Part of what’s so odd about these instances, at least as I perceived them, is the mall’s proximity to what I tend to think of reflexively as “real culture.” Golan and family offered me a rich cultural experience, allowing me to peek into the intimacy of their domestic and religious life. Tourists visit Istanbul to go to the Hagia Sofia and the Blue Mosque, to browse the Spice Market and the Grand Bazaar, not to go shopping in its malls; they visit Jerusalem to touch the Western Wall or walk along Via Dolorosa, not buy khakis at the Gap. Like many people I know, I think of myself as a good traveler; as opposed to a bad traveler, the kind who takes cruises or eats at the Applebee’s in Times Square.

So why take a foreign traveler to a mall at all? The way I see it, the mall trip is meant to communicate a message about the local culture — who they are, their country, their standard of living. They are taking me to the mall because there is a mall. The mall is a symbol of modernity as filtered through the sublimated perspective of an American, the abstract Foreigner. It is, in a way, a venue for ameliorating cultural differences.
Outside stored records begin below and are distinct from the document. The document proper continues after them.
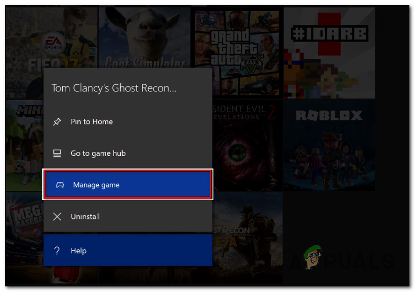 Accessing the My Games & App section - Next, from the Game & apps menu, navigate to the game that you’re trying to uninstall, press the start button and choose Manage game.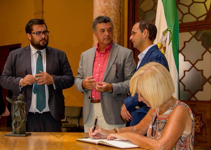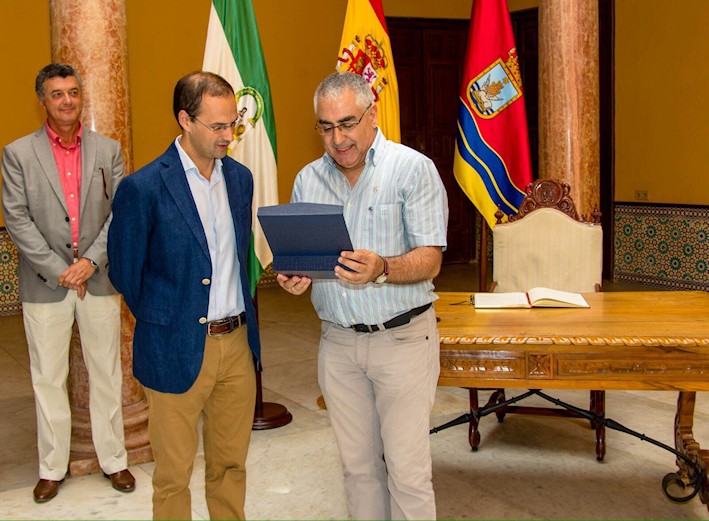 Sobre las 13.00 horas se llevó a cabo la recepción de los premiados en el Excmo. Ayuntamiento de la ciudad por el Alcalde, D. Víctor Mora, finalizando con la firma en el Libro de Honor e intercambio de regalos institucionales.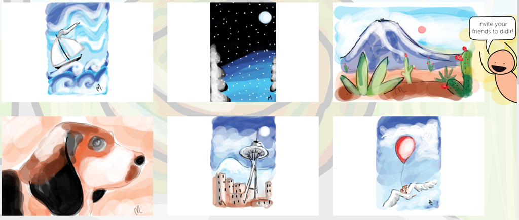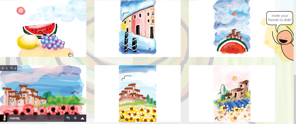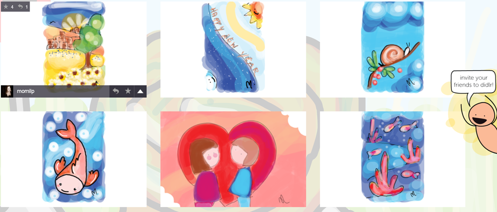 If you don’t, you should. My husband showed me this fun app, didlr, a few days ago and I got hooked right away. Didlr is easy to use and it has a social aspect to it that makes it even more fun. I’ve been playing with it on several devices and the one I prefer to work with is my Windows Phone. Although didlr on Windows Phone has less functions than on the Surface and iPad, I’ve created several didls on it and I’m quite happy with the results. Didlr’s palette is bright and there’s this functionality to make the colors see-through which adds a lot to the experience. Once you publish your freshly-made didl, it goes on the didl stream where didlers can vote for it if they so fancy. You can also follow and be followed by other didlr’s enthusiasts, and even answer to their didls with one of yours. Just one glance at the didl stream and you’ll be amazed by the sheer talent out there. And lastly, probably the cooler feature is that didlr replays step by step all the actions you took to create your priceless work of art. Below are some of my didls. One of them cost me a peach cobbler. I was having too much fun drawing and the cobbler suffered irremediable damages. Nobody ate it, but I showed the friends who had invited us for dinner—and who were expecting the cobbler—my masterpiece. Rhapsody in White (which I created on my Surface and I realize now, I also misspelled) received mixed reviews. The Muse is a cruel mistress… By the way, I didl as momilp. See you there!

We go to the mall as well.

Malls are fortresses of cosmopolitanism, protected spaces of stilted cultural exchange.. People go to the mall to try on Italian sunglasses, to check out the latest American styles, to eat Japanese food. Italian sunglasses, American style, Japanese food. Something like that, some cultural synthesis of bliss. To shop at a mall is to exist globally; it is to momentarily alleviate and transcend local miseries; to glimpse the riotously international lifestyle vaguely associated with happiness.

This is no less true of the American malls I used to frequent. Abercrombie and Fitch and Ralph Lauren sold the Northeastern preppy lifestyle. Lacoste had a more continental sensibility. Club Monaco had a vaguely “jet set” appeal. Zumiez was for skaters; Hot Topic was for goths and punks. The food court was a veritable fever dream of cosmopolitanism. There was Chinese, Japanese, Italian, Mexican, whatever planet the corn-dog and lemonade place came from, seafood, an oxygen bar, and Mongolian barbecue. (Mongolian barbecue! I still don’t know what it is.) The most galling of these examples to me, in retrospect, were Pac-Sun and Hollister, which sold the California lifestyle—and we lived in California. We were meditating the experience of our own lifestyle.

While malls can appear as a particularly egregious example of consumerism, it is easy to forget, perhaps owing to their long-time ubiquity, that they can represent something else entirely: an invitation to dialogue with previously unavailable trends and fashions from far-off lands. The mall is probably where many of us first touched, felt, smelled, or saw something that we consciously grasped as foreign. The arrival of the mall in your city or country is no trifle; it is a significant event: It announces your membership in the coveted conversation of weltkapital.

The mall’s newfound prominence internationally is bizarre, however, because it more-or-less coincides with its disappearance from the American cultural landscape.

For decades malls have been a common cultural set-piece, stretching from Fast Times at Ridgemont High to Mallrats to Mean Girls. But now, they’re failing. It is estimated that between 15 and 50 percent of those remaining will close or be converted in the coming decade. There is even an emerging genre of ruin porn around their gutted carcasses. I visited a mall near my uncle’s house in South Massachusetts two years ago, a place that dazzled me as a child, and was shocked to find it nearly vacant.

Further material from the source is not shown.